- [DATA EXTRACTS]
● ● ●

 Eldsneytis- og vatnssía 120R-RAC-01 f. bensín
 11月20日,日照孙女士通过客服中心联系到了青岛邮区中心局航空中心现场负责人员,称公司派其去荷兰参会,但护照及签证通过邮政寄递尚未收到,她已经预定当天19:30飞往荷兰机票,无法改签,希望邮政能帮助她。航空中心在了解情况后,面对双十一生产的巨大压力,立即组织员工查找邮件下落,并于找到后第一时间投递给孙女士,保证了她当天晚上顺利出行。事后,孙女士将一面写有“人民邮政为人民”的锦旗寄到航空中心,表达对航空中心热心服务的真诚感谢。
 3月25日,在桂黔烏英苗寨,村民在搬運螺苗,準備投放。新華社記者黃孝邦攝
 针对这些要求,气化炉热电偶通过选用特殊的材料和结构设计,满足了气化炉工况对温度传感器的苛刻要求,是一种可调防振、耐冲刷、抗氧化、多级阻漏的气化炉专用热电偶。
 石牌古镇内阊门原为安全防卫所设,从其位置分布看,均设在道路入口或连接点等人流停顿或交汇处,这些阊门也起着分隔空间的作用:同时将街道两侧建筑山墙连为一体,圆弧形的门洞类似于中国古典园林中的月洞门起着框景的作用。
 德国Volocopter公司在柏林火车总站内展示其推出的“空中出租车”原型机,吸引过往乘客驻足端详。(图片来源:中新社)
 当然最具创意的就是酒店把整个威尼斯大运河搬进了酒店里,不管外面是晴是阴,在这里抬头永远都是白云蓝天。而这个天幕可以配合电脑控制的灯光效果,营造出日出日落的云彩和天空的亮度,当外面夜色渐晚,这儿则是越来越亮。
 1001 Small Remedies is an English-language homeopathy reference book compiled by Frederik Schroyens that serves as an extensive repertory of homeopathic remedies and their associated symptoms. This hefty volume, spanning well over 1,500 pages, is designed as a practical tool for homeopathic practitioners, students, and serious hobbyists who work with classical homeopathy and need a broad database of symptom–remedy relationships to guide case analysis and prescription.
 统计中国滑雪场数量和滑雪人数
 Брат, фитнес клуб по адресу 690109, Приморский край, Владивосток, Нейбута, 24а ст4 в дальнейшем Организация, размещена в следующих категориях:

● ● ●

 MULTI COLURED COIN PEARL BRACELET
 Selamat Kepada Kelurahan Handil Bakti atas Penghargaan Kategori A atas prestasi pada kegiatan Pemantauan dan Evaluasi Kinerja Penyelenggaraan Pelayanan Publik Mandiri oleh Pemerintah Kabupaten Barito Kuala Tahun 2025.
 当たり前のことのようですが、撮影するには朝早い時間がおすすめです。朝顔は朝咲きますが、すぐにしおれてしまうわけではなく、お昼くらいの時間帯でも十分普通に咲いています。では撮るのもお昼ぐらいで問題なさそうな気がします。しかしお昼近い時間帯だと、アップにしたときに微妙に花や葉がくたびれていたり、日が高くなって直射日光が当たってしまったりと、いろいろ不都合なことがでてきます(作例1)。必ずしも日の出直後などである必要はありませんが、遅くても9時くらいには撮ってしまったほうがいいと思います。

● ● ●

- [ASSIGNMENT]
Looking at the records above, return exactly the lines from the line with "统计中国滑雪场数量和滑雪人数" to the line with "Брат, фитнес клуб", both ends included.

- [ANSWER SECTION]
 统计中国滑雪场数量和滑雪人数
 Брат, фитнес клуб по адресу 690109, Приморский край, Владивосток, Нейбута, 24а ст4 в дальнейшем Организация, размещена в следующих категориях:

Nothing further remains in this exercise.